┌────────
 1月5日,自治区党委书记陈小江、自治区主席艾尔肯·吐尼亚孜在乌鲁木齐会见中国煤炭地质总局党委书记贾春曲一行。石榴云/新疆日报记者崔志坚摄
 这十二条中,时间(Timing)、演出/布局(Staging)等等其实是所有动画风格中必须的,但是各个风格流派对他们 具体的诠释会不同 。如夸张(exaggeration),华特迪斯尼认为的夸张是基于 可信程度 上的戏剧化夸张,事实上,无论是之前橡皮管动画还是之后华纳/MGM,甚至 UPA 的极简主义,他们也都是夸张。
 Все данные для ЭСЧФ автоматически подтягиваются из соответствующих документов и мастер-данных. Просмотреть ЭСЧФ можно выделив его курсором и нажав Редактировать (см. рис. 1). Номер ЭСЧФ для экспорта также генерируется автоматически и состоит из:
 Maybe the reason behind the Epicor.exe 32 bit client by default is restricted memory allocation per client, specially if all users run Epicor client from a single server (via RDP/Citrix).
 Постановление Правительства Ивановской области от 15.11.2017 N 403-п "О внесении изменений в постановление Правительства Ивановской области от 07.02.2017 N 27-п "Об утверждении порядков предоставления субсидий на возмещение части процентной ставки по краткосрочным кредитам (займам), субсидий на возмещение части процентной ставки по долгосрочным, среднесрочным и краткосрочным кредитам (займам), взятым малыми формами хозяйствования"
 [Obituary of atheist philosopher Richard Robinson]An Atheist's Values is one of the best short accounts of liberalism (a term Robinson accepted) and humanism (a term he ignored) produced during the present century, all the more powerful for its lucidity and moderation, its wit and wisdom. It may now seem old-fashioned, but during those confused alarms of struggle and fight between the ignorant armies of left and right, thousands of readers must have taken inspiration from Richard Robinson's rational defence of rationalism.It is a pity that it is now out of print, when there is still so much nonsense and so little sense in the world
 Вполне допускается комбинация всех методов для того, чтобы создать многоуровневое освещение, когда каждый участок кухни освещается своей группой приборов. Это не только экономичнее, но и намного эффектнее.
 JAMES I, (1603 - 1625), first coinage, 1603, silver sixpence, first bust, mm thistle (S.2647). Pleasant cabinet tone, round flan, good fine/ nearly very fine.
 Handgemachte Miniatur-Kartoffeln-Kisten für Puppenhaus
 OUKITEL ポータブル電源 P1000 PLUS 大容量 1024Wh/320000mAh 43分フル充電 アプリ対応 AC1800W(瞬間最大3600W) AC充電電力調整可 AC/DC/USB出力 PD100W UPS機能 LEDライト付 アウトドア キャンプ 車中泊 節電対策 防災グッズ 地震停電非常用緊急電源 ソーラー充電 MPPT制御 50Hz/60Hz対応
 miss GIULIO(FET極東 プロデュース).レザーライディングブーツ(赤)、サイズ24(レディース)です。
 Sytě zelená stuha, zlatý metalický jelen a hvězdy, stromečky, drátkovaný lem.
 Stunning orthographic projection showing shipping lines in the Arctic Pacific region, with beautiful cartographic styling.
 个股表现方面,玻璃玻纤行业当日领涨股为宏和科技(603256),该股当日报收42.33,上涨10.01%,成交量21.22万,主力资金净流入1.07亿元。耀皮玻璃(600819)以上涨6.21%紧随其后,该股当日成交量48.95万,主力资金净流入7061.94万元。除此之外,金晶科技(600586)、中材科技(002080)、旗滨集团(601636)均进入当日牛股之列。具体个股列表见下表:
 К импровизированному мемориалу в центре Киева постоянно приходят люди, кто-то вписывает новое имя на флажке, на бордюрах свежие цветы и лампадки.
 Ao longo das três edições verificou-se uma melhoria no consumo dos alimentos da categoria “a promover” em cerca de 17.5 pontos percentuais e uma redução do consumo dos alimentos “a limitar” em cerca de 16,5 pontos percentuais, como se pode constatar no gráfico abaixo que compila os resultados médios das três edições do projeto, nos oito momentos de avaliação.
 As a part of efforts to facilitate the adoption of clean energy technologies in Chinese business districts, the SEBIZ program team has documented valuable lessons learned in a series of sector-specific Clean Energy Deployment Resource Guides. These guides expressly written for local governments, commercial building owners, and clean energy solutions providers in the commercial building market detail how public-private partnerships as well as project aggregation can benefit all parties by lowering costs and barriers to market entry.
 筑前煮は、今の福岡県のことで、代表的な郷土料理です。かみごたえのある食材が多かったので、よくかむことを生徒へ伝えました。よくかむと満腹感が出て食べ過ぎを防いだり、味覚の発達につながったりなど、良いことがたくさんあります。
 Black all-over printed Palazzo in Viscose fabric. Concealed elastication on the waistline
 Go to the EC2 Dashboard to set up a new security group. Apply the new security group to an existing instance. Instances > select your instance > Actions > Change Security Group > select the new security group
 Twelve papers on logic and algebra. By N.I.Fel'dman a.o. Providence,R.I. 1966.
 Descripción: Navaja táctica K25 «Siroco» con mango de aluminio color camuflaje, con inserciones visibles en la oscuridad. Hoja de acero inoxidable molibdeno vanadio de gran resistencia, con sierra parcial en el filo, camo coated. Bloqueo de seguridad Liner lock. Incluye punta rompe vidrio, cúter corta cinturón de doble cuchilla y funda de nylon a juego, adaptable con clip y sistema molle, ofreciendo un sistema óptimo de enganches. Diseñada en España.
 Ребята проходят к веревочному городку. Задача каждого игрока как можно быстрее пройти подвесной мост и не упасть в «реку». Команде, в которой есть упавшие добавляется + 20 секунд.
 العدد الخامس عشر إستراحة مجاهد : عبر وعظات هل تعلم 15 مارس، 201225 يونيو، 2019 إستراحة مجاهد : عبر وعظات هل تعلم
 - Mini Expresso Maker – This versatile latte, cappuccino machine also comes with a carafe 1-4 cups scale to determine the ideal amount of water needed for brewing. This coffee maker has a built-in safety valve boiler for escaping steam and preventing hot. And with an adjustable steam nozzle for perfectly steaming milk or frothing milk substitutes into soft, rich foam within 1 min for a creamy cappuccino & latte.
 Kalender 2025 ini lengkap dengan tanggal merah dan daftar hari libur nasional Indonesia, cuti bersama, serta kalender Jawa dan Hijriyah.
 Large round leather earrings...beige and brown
└────────
Your response must consist of every line above, reproduced exactly.

 1月5日,自治区党委书记陈小江、自治区主席艾尔肯·吐尼亚孜在乌鲁木齐会见中国煤炭地质总局党委书记贾春曲一行。石榴云/新疆日报记者崔志坚摄
 这十二条中,时间(Timing)、演出/布局(Staging)等等其实是所有动画风格中必须的,但是各个风格流派对他们 具体的诠释会不同 。如夸张(exaggeration),华特迪斯尼认为的夸张是基于 可信程度 上的戏剧化夸张,事实上,无论是之前橡皮管动画还是之后华纳/MGM,甚至 UPA 的极简主义,他们也都是夸张。
 Все данные для ЭСЧФ автоматически подтягиваются из соответствующих документов и мастер-данных. Просмотреть ЭСЧФ можно выделив его курсором и нажав Редактировать (см. рис. 1). Номер ЭСЧФ для экспорта также генерируется автоматически и состоит из:
 Maybe the reason behind the Epicor.exe 32 bit client by default is restricted memory allocation per client, specially if all users run Epicor client from a single server (via RDP/Citrix).
 Постановление Правительства Ивановской области от 15.11.2017 N 403-п "О внесении изменений в постановление Правительства Ивановской области от 07.02.2017 N 27-п "Об утверждении порядков предоставления субсидий на возмещение части процентной ставки по краткосрочным кредитам (займам), субсидий на возмещение части процентной ставки по долгосрочным, среднесрочным и краткосрочным кредитам (займам), взятым малыми формами хозяйствования"
 [Obituary of atheist philosopher Richard Robinson]An Atheist's Values is one of the best short accounts of liberalism (a term Robinson accepted) and humanism (a term he ignored) produced during the present century, all the more powerful for its lucidity and moderation, its wit and wisdom. It may now seem old-fashioned, but during those confused alarms of struggle and fight between the ignorant armies of left and right, thousands of readers must have taken inspiration from Richard Robinson's rational defence of rationalism.It is a pity that it is now out of print, when there is still so much nonsense and so little sense in the world
 Вполне допускается комбинация всех методов для того, чтобы создать многоуровневое освещение, когда каждый участок кухни освещается своей группой приборов. Это не только экономичнее, но и намного эффектнее.
 JAMES I, (1603 - 1625), first coinage, 1603, silver sixpence, first bust, mm thistle (S.2647). Pleasant cabinet tone, round flan, good fine/ nearly very fine.
 Handgemachte Miniatur-Kartoffeln-Kisten für Puppenhaus
 OUKITEL ポータブル電源 P1000 PLUS 大容量 1024Wh/320000mAh 43分フル充電 アプリ対応 AC1800W(瞬間最大3600W) AC充電電力調整可 AC/DC/USB出力 PD100W UPS機能 LEDライト付 アウトドア キャンプ 車中泊 節電対策 防災グッズ 地震停電非常用緊急電源 ソーラー充電 MPPT制御 50Hz/60Hz対応
 miss GIULIO(FET極東 プロデュース).レザーライディングブーツ(赤)、サイズ24(レディース)です。
 Sytě zelená stuha, zlatý metalický jelen a hvězdy, stromečky, drátkovaný lem.
 Stunning orthographic projection showing shipping lines in the Arctic Pacific region, with beautiful cartographic styling.
 个股表现方面,玻璃玻纤行业当日领涨股为宏和科技(603256),该股当日报收42.33,上涨10.01%,成交量21.22万,主力资金净流入1.07亿元。耀皮玻璃(600819)以上涨6.21%紧随其后,该股当日成交量48.95万,主力资金净流入7061.94万元。除此之外,金晶科技(600586)、中材科技(002080)、旗滨集团(601636)均进入当日牛股之列。具体个股列表见下表:
 К импровизированному мемориалу в центре Киева постоянно приходят люди, кто-то вписывает новое имя на флажке, на бордюрах свежие цветы и лампадки.
 Ao longo das três edições verificou-se uma melhoria no consumo dos alimentos da categoria “a promover” em cerca de 17.5 pontos percentuais e uma redução do consumo dos alimentos “a limitar” em cerca de 16,5 pontos percentuais, como se pode constatar no gráfico abaixo que compila os resultados médios das três edições do projeto, nos oito momentos de avaliação.
 As a part of efforts to facilitate the adoption of clean energy technologies in Chinese business districts, the SEBIZ program team has documented valuable lessons learned in a series of sector-specific Clean Energy Deployment Resource Guides. These guides expressly written for local governments, commercial building owners, and clean energy solutions providers in the commercial building market detail how public-private partnerships as well as project aggregation can benefit all parties by lowering costs and barriers to market entry.
 筑前煮は、今の福岡県のことで、代表的な郷土料理です。かみごたえのある食材が多かったので、よくかむことを生徒へ伝えました。よくかむと満腹感が出て食べ過ぎを防いだり、味覚の発達につながったりなど、良いことがたくさんあります。
 Black all-over printed Palazzo in Viscose fabric. Concealed elastication on the waistline
 Go to the EC2 Dashboard to set up a new security group. Apply the new security group to an existing instance. Instances > select your instance > Actions > Change Security Group > select the new security group
 Twelve papers on logic and algebra. By N.I.Fel'dman a.o. Providence,R.I. 1966.
 Descripción: Navaja táctica K25 «Siroco» con mango de aluminio color camuflaje, con inserciones visibles en la oscuridad. Hoja de acero inoxidable molibdeno vanadio de gran resistencia, con sierra parcial en el filo, camo coated. Bloqueo de seguridad Liner lock. Incluye punta rompe vidrio, cúter corta cinturón de doble cuchilla y funda de nylon a juego, adaptable con clip y sistema molle, ofreciendo un sistema óptimo de enganches. Diseñada en España.
 Ребята проходят к веревочному городку. Задача каждого игрока как можно быстрее пройти подвесной мост и не упасть в «реку». Команде, в которой есть упавшие добавляется + 20 секунд.
 العدد الخامس عشر إستراحة مجاهد : عبر وعظات هل تعلم 15 مارس، 201225 يونيو، 2019 إستراحة مجاهد : عبر وعظات هل تعلم
 - Mini Expresso Maker – This versatile latte, cappuccino machine also comes with a carafe 1-4 cups scale to determine the ideal amount of water needed for brewing. This coffee maker has a built-in safety valve boiler for escaping steam and preventing hot. And with an adjustable steam nozzle for perfectly steaming milk or frothing milk substitutes into soft, rich foam within 1 min for a creamy cappuccino & latte.
 Kalender 2025 ini lengkap dengan tanggal merah dan daftar hari libur nasional Indonesia, cuti bersama, serta kalender Jawa dan Hijriyah.
 Large round leather earrings...beige and brown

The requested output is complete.